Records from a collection
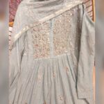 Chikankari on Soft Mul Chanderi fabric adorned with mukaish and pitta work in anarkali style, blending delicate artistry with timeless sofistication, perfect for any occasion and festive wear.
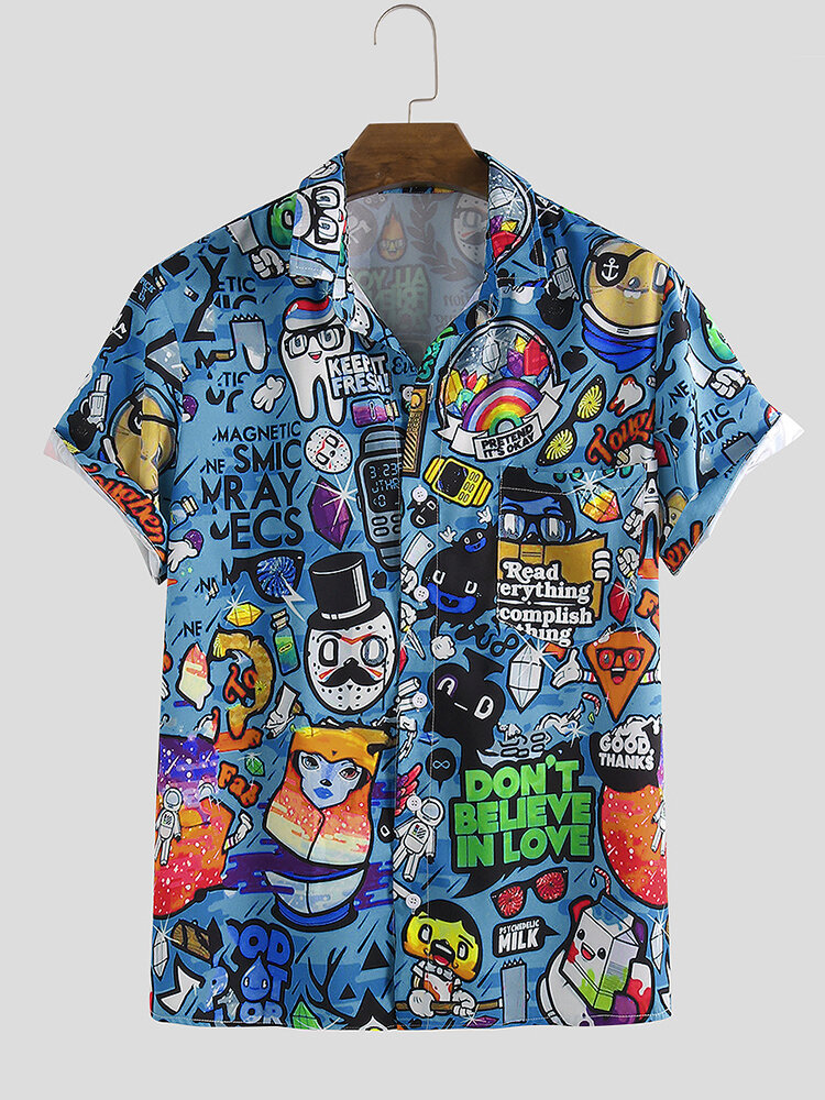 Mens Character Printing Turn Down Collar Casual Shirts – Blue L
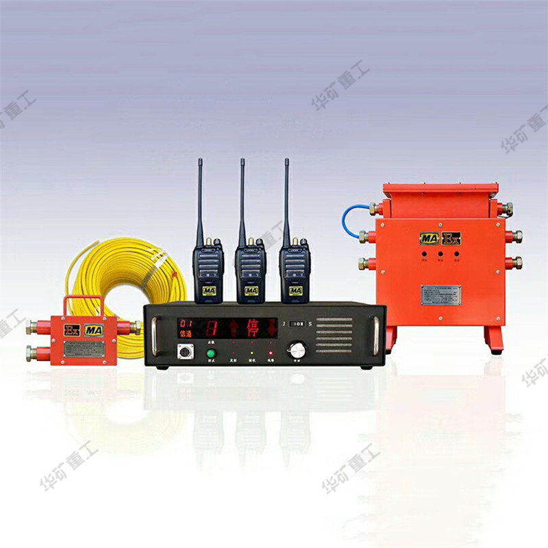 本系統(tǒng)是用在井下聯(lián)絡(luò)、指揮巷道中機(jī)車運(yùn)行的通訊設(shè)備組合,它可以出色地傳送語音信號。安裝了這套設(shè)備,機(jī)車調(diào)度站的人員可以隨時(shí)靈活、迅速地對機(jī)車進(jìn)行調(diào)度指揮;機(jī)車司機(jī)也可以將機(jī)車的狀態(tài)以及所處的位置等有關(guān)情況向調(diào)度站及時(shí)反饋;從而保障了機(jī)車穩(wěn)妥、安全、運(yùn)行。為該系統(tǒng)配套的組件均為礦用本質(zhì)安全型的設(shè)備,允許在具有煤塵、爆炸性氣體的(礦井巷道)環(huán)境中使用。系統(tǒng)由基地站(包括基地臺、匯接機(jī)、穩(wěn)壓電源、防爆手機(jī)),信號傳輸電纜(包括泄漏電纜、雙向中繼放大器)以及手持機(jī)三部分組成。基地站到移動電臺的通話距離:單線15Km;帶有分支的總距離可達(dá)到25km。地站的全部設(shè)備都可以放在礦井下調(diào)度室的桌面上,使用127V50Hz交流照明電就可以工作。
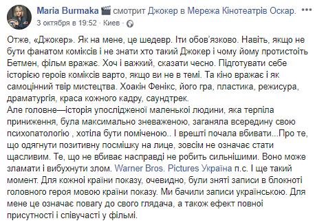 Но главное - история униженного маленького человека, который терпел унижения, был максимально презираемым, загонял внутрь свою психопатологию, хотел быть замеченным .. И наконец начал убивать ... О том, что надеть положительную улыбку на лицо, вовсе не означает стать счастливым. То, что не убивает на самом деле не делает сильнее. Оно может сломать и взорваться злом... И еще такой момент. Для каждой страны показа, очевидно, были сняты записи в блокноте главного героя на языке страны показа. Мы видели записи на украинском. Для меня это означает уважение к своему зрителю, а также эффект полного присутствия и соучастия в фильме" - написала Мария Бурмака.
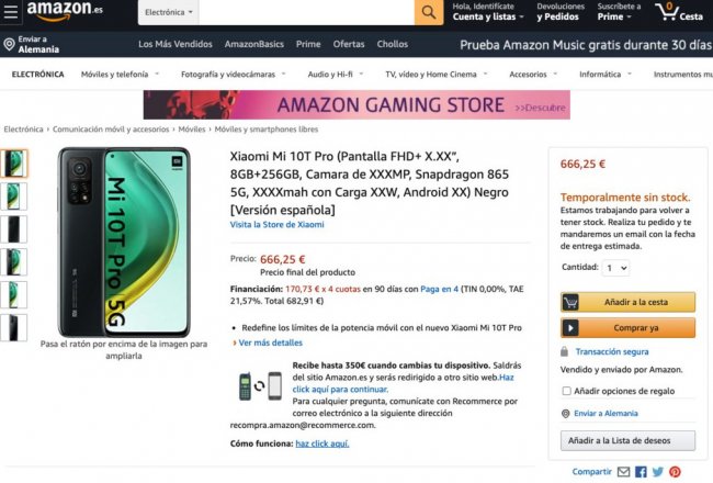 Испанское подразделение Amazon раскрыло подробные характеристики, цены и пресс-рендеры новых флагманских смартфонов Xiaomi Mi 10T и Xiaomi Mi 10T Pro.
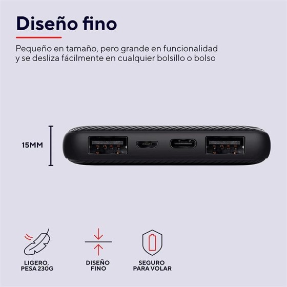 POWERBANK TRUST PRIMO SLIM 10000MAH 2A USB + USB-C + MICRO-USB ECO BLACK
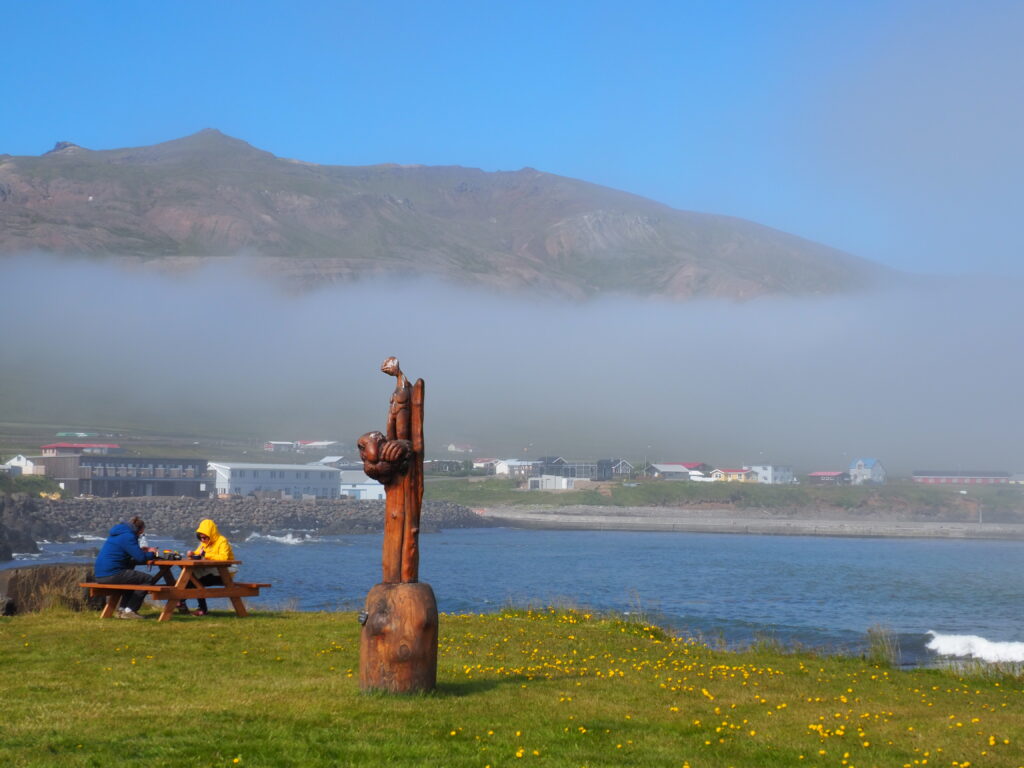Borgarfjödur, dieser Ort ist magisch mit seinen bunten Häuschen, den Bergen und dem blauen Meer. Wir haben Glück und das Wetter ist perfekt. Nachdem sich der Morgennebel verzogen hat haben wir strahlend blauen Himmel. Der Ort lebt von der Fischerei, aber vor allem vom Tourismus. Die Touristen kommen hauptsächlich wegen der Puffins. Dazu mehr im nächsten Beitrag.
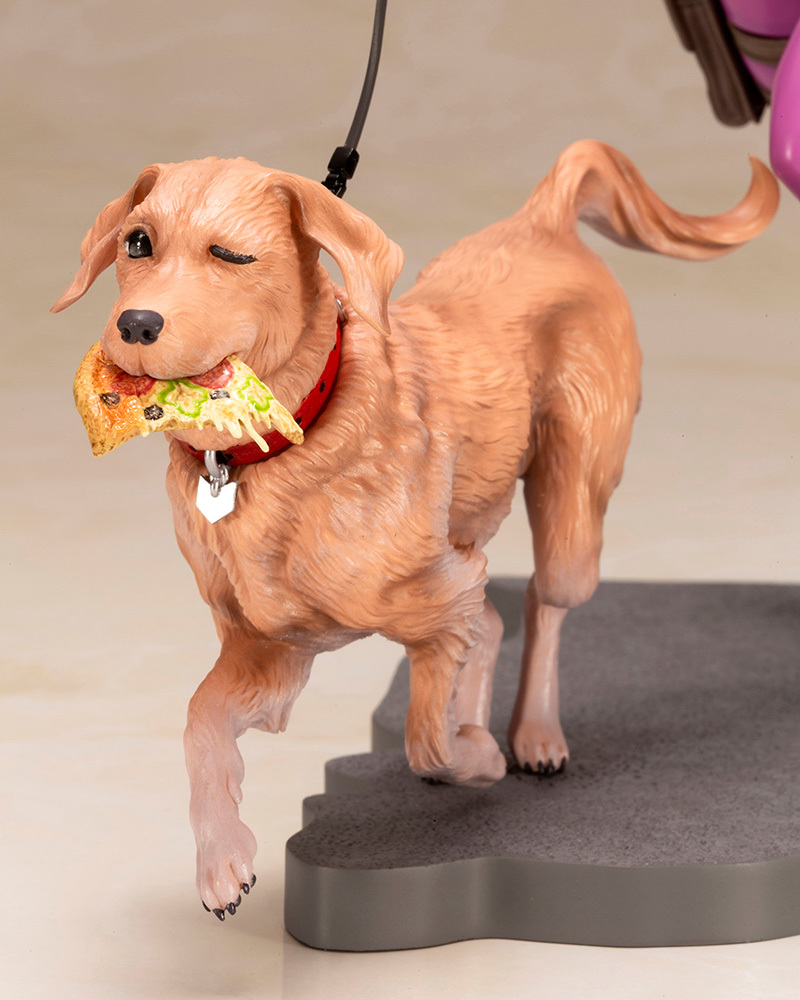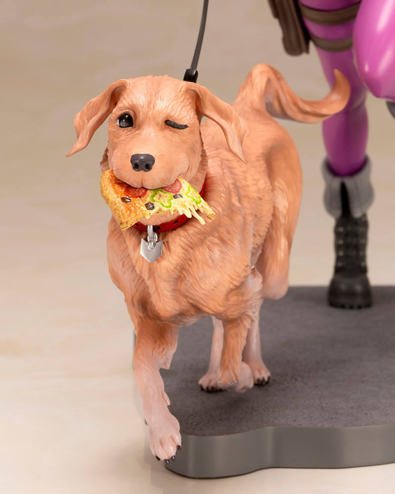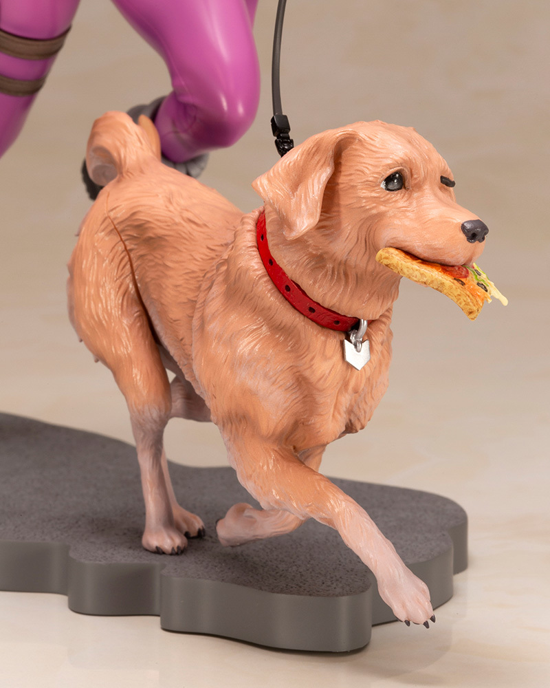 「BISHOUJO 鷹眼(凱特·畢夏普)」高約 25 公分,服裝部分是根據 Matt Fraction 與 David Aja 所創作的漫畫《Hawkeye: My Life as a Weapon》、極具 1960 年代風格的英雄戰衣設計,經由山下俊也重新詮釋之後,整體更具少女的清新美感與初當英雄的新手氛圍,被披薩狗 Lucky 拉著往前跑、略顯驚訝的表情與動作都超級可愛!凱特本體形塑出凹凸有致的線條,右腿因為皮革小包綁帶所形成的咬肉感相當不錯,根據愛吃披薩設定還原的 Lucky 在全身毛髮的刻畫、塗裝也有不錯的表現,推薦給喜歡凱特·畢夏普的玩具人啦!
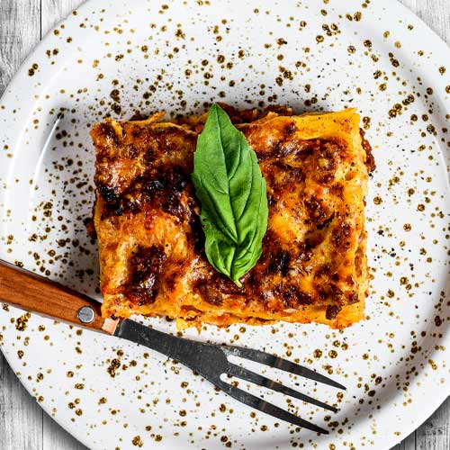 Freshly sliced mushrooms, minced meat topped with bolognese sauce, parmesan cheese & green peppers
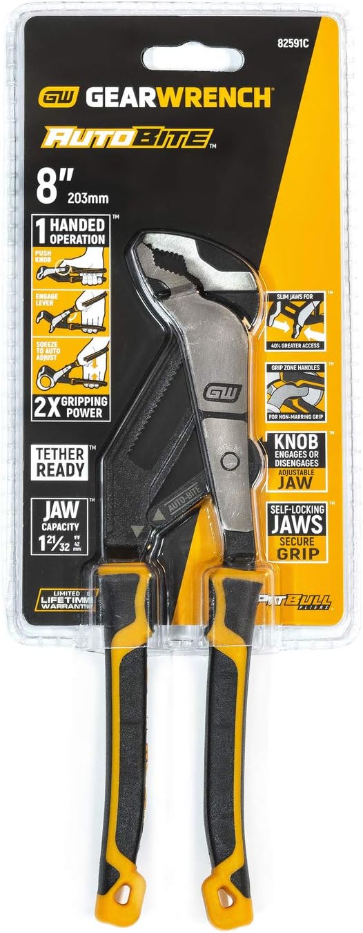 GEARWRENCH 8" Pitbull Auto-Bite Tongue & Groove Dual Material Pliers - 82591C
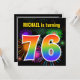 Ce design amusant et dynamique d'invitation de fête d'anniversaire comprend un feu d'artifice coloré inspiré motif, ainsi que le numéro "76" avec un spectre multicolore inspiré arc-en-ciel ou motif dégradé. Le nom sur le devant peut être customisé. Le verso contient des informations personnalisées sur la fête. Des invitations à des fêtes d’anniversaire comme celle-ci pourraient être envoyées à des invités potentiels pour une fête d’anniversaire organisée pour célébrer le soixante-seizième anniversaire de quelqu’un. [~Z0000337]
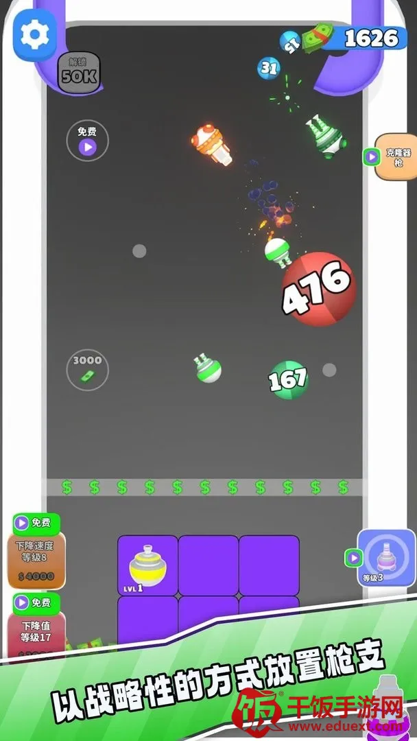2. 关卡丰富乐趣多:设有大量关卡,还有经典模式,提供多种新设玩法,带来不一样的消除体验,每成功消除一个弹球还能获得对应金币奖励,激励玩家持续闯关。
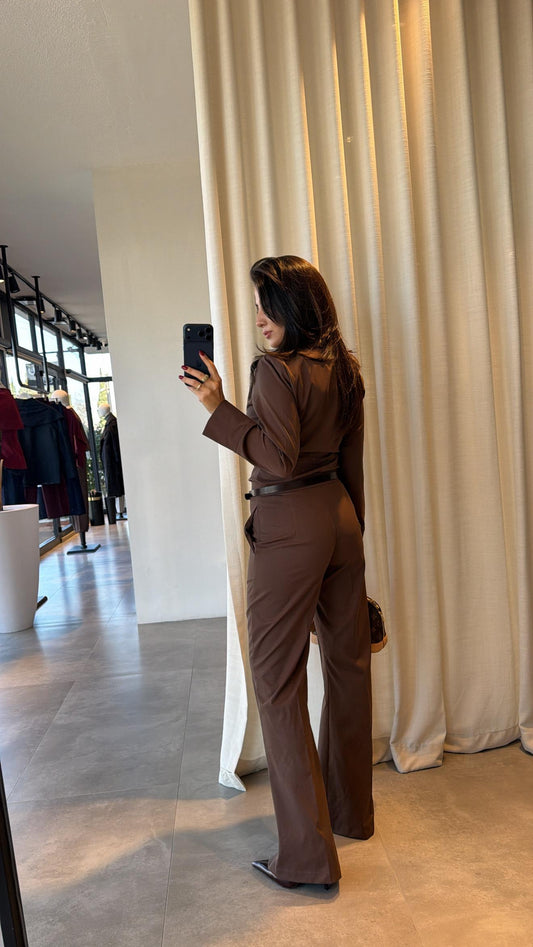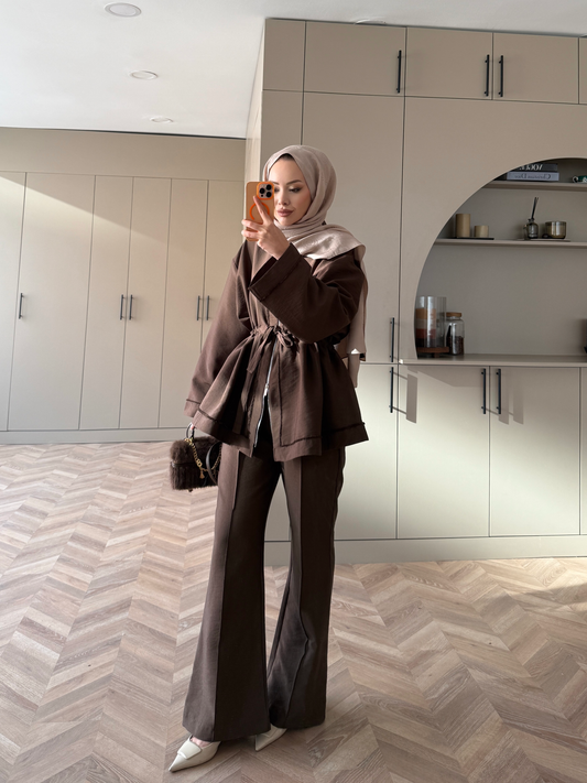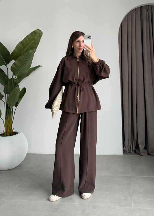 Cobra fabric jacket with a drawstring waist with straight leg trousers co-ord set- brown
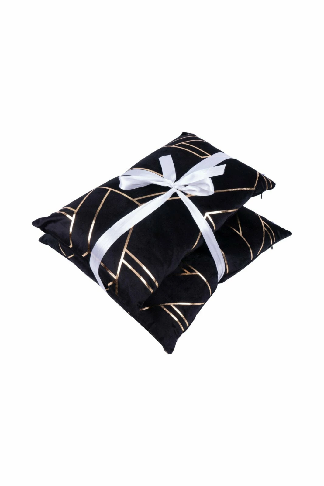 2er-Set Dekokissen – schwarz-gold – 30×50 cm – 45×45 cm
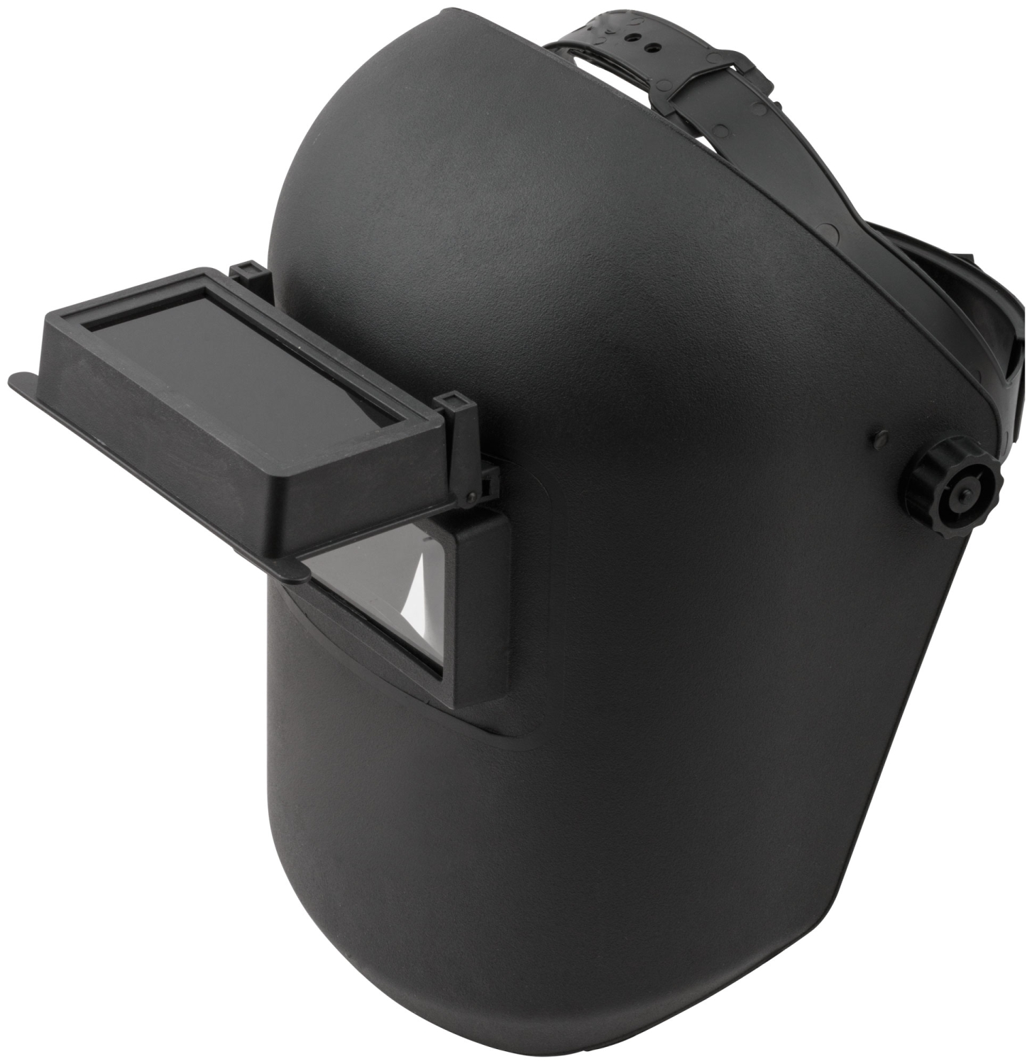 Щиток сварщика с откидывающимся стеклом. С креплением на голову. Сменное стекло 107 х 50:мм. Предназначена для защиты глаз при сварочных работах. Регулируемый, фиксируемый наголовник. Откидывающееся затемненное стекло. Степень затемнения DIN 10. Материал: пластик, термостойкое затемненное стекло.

* [Problem statement]:
Your task is to copy only the lines above starting at the one containing "Но главное - история" and ending at the one containing "Pliers - 82591C". Copy them exactly, both ends included, and omit the pictures.

* [Task output]:
 Но главное - история униженного маленького человека, который терпел унижения, был максимально презираемым, загонял внутрь свою психопатологию, хотел быть замеченным .. И наконец начал убивать ... О том, что надеть положительную улыбку на лицо, вовсе не означает стать счастливым. То, что не убивает на самом деле не делает сильнее. Оно может сломать и взорваться злом... И еще такой момент. Для каждой страны показа, очевидно, были сняты записи в блокноте главного героя на языке страны показа. Мы видели записи на украинском. Для меня это означает уважение к своему зрителю, а также эффект полного присутствия и соучастия в фильме" - написала Мария Бурмака.
 Испанское подразделение Amazon раскрыло подробные характеристики, цены и пресс-рендеры новых флагманских смартфонов Xiaomi Mi 10T и Xiaomi Mi 10T Pro.
 POWERBANK TRUST PRIMO SLIM 10000MAH 2A USB + USB-C + MICRO-USB ECO BLACK
Borgarfjödur, dieser Ort ist magisch mit seinen bunten Häuschen, den Bergen und dem blauen Meer. Wir haben Glück und das Wetter ist perfekt. Nachdem sich der Morgennebel verzogen hat haben wir strahlend blauen Himmel. Der Ort lebt von der Fischerei, aber vor allem vom Tourismus. Die Touristen kommen hauptsächlich wegen der Puffins. Dazu mehr im nächsten Beitrag.
 「BISHOUJO 鷹眼(凱特·畢夏普)」高約 25 公分,服裝部分是根據 Matt Fraction 與 David Aja 所創作的漫畫《Hawkeye: My Life as a Weapon》、極具 1960 年代風格的英雄戰衣設計,經由山下俊也重新詮釋之後,整體更具少女的清新美感與初當英雄的新手氛圍,被披薩狗 Lucky 拉著往前跑、略顯驚訝的表情與動作都超級可愛!凱特本體形塑出凹凸有致的線條,右腿因為皮革小包綁帶所形成的咬肉感相當不錯,根據愛吃披薩設定還原的 Lucky 在全身毛髮的刻畫、塗裝也有不錯的表現,推薦給喜歡凱特·畢夏普的玩具人啦!
 Freshly sliced mushrooms, minced meat topped with bolognese sauce, parmesan cheese & green peppers
 GEARWRENCH 8" Pitbull Auto-Bite Tongue & Groove Dual Material Pliers - 82591C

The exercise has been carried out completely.